R2 is a group of the formula CH2═CR4—, and R1 and R3, independently of one another, are H, alkyl, cycloalkyl, heterocycloalkyl, aryl or heteraryl, or R1 and R3, together with the amide group to which they are bonded, are a lactam having 5 to 8 ring atoms.

25. The composition according to claim 19, wherein the ratio of the weight amounts of the polymers a) and b) in the composition is in the range from 4:1 to 1:4.

26. The composition according to claim 19, wherein the ratio of the weight amounts of the polymers a) and b) in the composition is in the range from 3:2 to 2:3.

27. The composition according to claim 19, wherein polymer b) consists of at least 10% by weight of copolymerized N-vinylimidazole.

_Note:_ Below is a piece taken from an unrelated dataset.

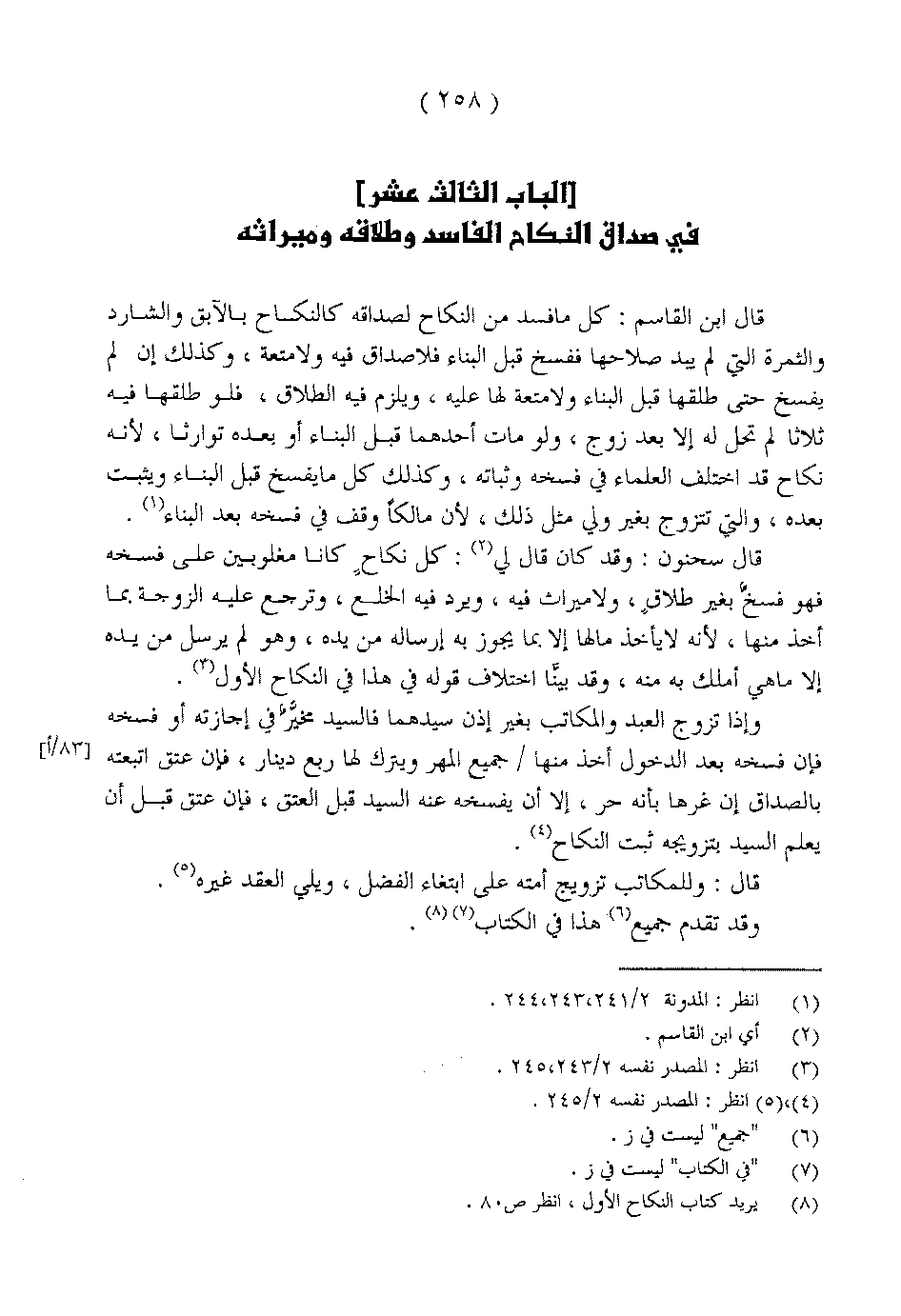 في صداق النكاح الفاسد وطلاقه وميراثه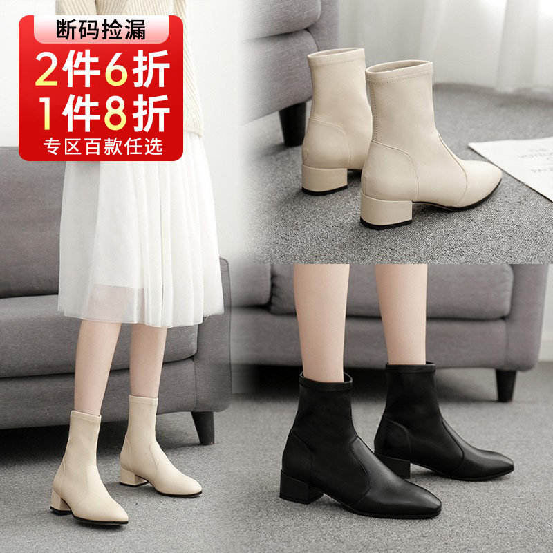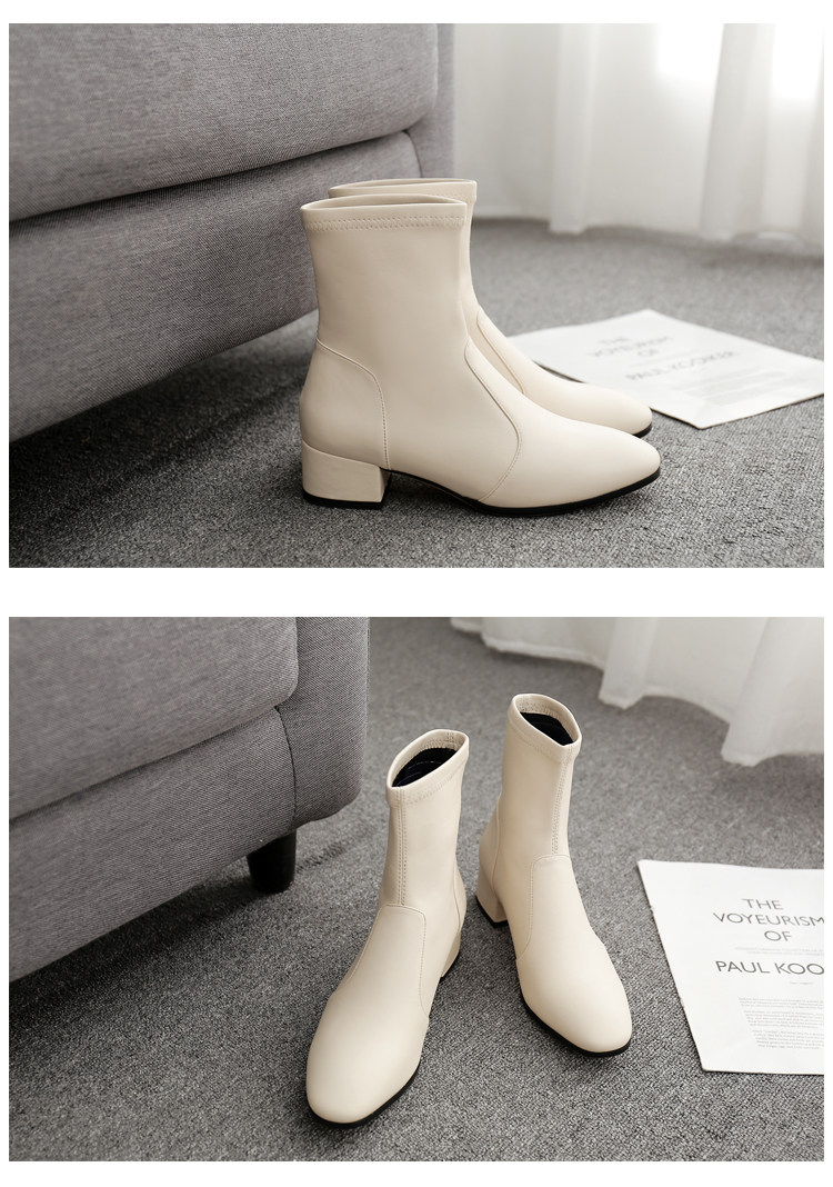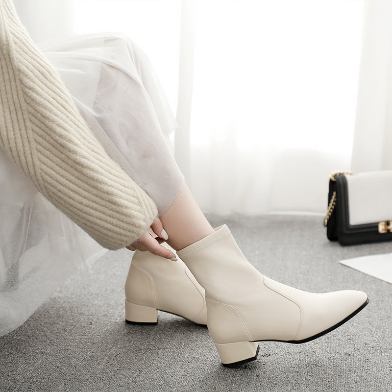 Зимние модные бежевые эластичные короткие сапоги, ботинки, 2022, городской стиль, в корейском стиле, средней длины

28. The composition according to claim 19, wherein polymer b) consists of at least 40% by weight of copolymerized N-vinylpyrrolidone.

29. The composition according to claim 19, wherein polymer b1) has a molecular weight Mw in the range from 1500 to 500 000 g/mol.

30. The composition according to claim 19, wherein the cationic polymer b2) comprises at least one quaternized compound of the formula III in copolymerized form where

R14 and R15, independently of one another, are selected from the group consisting of hydrogen, C1-C8 linear- or branched-chain alkyl, methoxy, ethoxy, 2-hydroxyethoxy, 2-methoxyethoxy and 2-ethoxyethyl,

R17 is hydrogen or methyl,

R18 is alkylene or hydroxyalkylene having 1 to 24 carbon atoms, optionally substituted by alkyl,

g is 0 or 1,

Z is nitrogen when g=1 or oxygen when g=0,

R25 and R26, in each case and independently of one another, are selected from the group consisting of hydrogen, C1-C40 linear- or branched-chain alkyl, formyl, C1-C10 linear- or branched-chain acyl, N,N-dimethylaminoethyl, 2-hydroxyethyl, 2-methoxyethyl, 2-ethoxyethyl, hydroxypropyl, methoxypropyl, ethoxypropyl or benzyl.

31. The composition according to claim 30, wherein R18 is C2H4, C3H6, C4H8, CH2—CH(OH)—CH2.

32. The composition according to claim 28, where the quaternized compound is selected from the group consisting of methylated N-[3-(dimethylamino)propyl]methacrylamide and methylated N,N-dimethylaminoethyl methacrylate.

33. The composition according to claim 19, where the total amount of polymer a) and polymer b) in the composition is in the range from 0.01 to 20% by weight, based on the weight of the composition.

34. The composition according to claim 19, further comprising at least one anionic surfactant.

35. A haircare composition comprising the composition according to claim 19.

36. A skin cosmetic composition comprising the composition according to claim 19.

37. The haircare composition according to claim 35 in the form of a shampoo.

38. A method of producing the composition according to claim 19, wherein polymer b1) is produced by solution polymerization in the presence of polymer a).